### DATASET EXTRACT ###
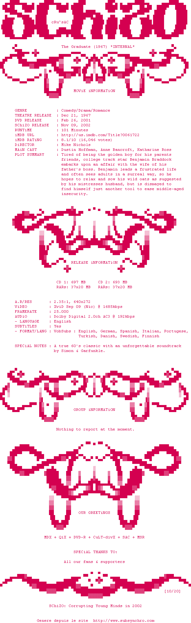 The.Graduate.1967.INTERNAL.DVDRip.XviD-SChiZO.zip Ajouté par SubSynchro Ajoute le 07-02-2010 14:19:23 Format : ZIP Italique : Non Taille : 0.00Ko Telechargement : 252 Le fichier 1-1265548827.zip n'existe pas ! Ajouter cette release à ma collection en cas de telechargement des sous-titres 0 0 0 Telecharger le ZiP contenant NFO, Affiche, Sous-titre (*.zip) Commentez le fichier The.Graduate.1967.INTERNAL.DVDRip.XviD-SChiZO.zip Commentez le fichier The.Graduate.1967.INTERNAL.DVDRip.XviD-SChiZO.zip Commentez ce fichier Le fichier 1-1265548827.zip n'existe pas ! Telechargez le RSS « Fichier de la release The.Graduate.1967.INTERNAL.DVDRip.XviD-SChiZO » Retour au film « Le Lauréat »
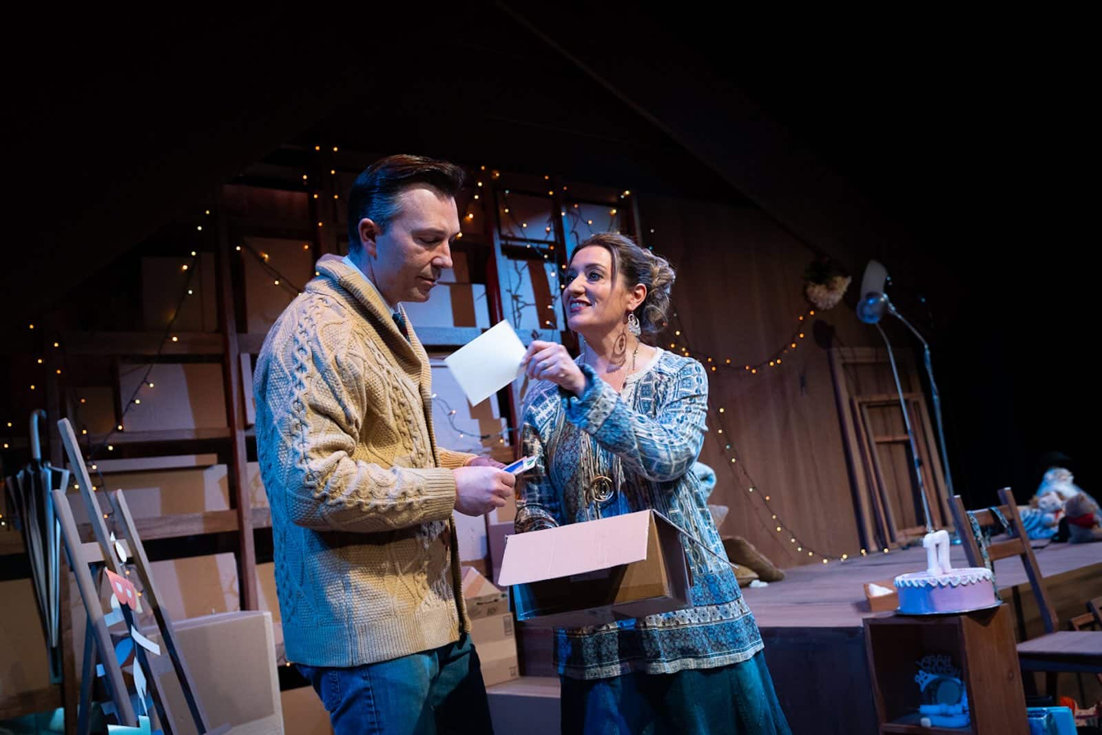 Alors que les lumières s’allument dans un grenier impressionniste, Sue fait sa valise, se préparant à quitter son mari de longue date, Dan. En faisant ses valises, elle prend un album et commence ainsi son voyage de souvenirs, à la fois doux et amers, de son temps avec Dan, depuis leur première rencontre lorsqu’ils étaient enfants. Dans une idée astucieuse, les versions les plus jeunes et les jeunes adultes de Sue et Dan sont interprétées par deux couples d’interprètes supplémentaires. Sue et Dan, plus âgés, non seulement revivent leurs bons et mauvais moments ensemble, mais voient également ces moments se reproduire. Vont-ils se séparer d’ici la fin ? Ou retrouveront-ils une lueur d’espoir en cours de route ? Ce sont les questions que Scrapbooks fait remonter à la surface, et il le fait avec brio.
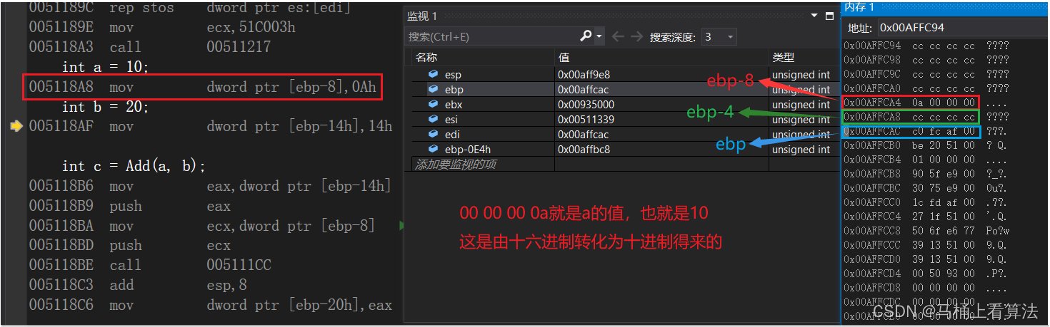 将 0Ah(0Ah 转化为十进制就是 10)放到 ebp - 8 这个位置。
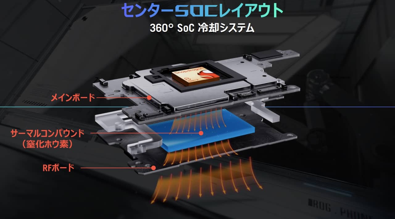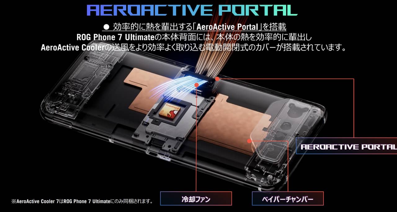 ROG Phone 7 / 7 UltimateはSoCを強力に冷やす冷却システムを搭載。
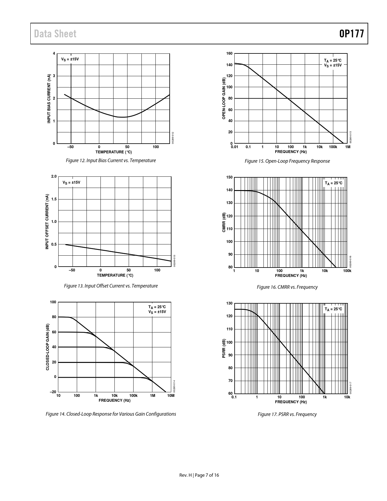 Data Sheet. OP177. 160. VS = ±15V. TA = 25°C. 140. A) 3. 120. n (. B) d. N ( 100 AI G. P 80. CURRE. O O. PEN O. INP. –50. 100. 0.01. 0.1. 10k. 100k
###
(TASK OBJECTIVE) Write out the entries above in full and exactly; no pictures.

(REPLY TO THE EXERCISE)
 The.Graduate.1967.INTERNAL.DVDRip.XviD-SChiZO.zip Ajouté par SubSynchro Ajoute le 07-02-2010 14:19:23 Format : ZIP Italique : Non Taille : 0.00Ko Telechargement : 252 Le fichier 1-1265548827.zip n'existe pas ! Ajouter cette release à ma collection en cas de telechargement des sous-titres 0 0 0 Telecharger le ZiP contenant NFO, Affiche, Sous-titre (*.zip) Commentez le fichier The.Graduate.1967.INTERNAL.DVDRip.XviD-SChiZO.zip Commentez le fichier The.Graduate.1967.INTERNAL.DVDRip.XviD-SChiZO.zip Commentez ce fichier Le fichier 1-1265548827.zip n'existe pas ! Telechargez le RSS « Fichier de la release The.Graduate.1967.INTERNAL.DVDRip.XviD-SChiZO » Retour au film « Le Lauréat »
 Alors que les lumières s’allument dans un grenier impressionniste, Sue fait sa valise, se préparant à quitter son mari de longue date, Dan. En faisant ses valises, elle prend un album et commence ainsi son voyage de souvenirs, à la fois doux et amers, de son temps avec Dan, depuis leur première rencontre lorsqu’ils étaient enfants. Dans une idée astucieuse, les versions les plus jeunes et les jeunes adultes de Sue et Dan sont interprétées par deux couples d’interprètes supplémentaires. Sue et Dan, plus âgés, non seulement revivent leurs bons et mauvais moments ensemble, mais voient également ces moments se reproduire. Vont-ils se séparer d’ici la fin ? Ou retrouveront-ils une lueur d’espoir en cours de route ? Ce sont les questions que Scrapbooks fait remonter à la surface, et il le fait avec brio.
 将 0Ah(0Ah 转化为十进制就是 10)放到 ebp - 8 这个位置。
 ROG Phone 7 / 7 UltimateはSoCを強力に冷やす冷却システムを搭載。
 Data Sheet. OP177. 160. VS = ±15V. TA = 25°C. 140. A) 3. 120. n (. B) d. N ( 100 AI G. P 80. CURRE. O O. PEN O. INP. –50. 100. 0.01. 0.1. 10k. 100k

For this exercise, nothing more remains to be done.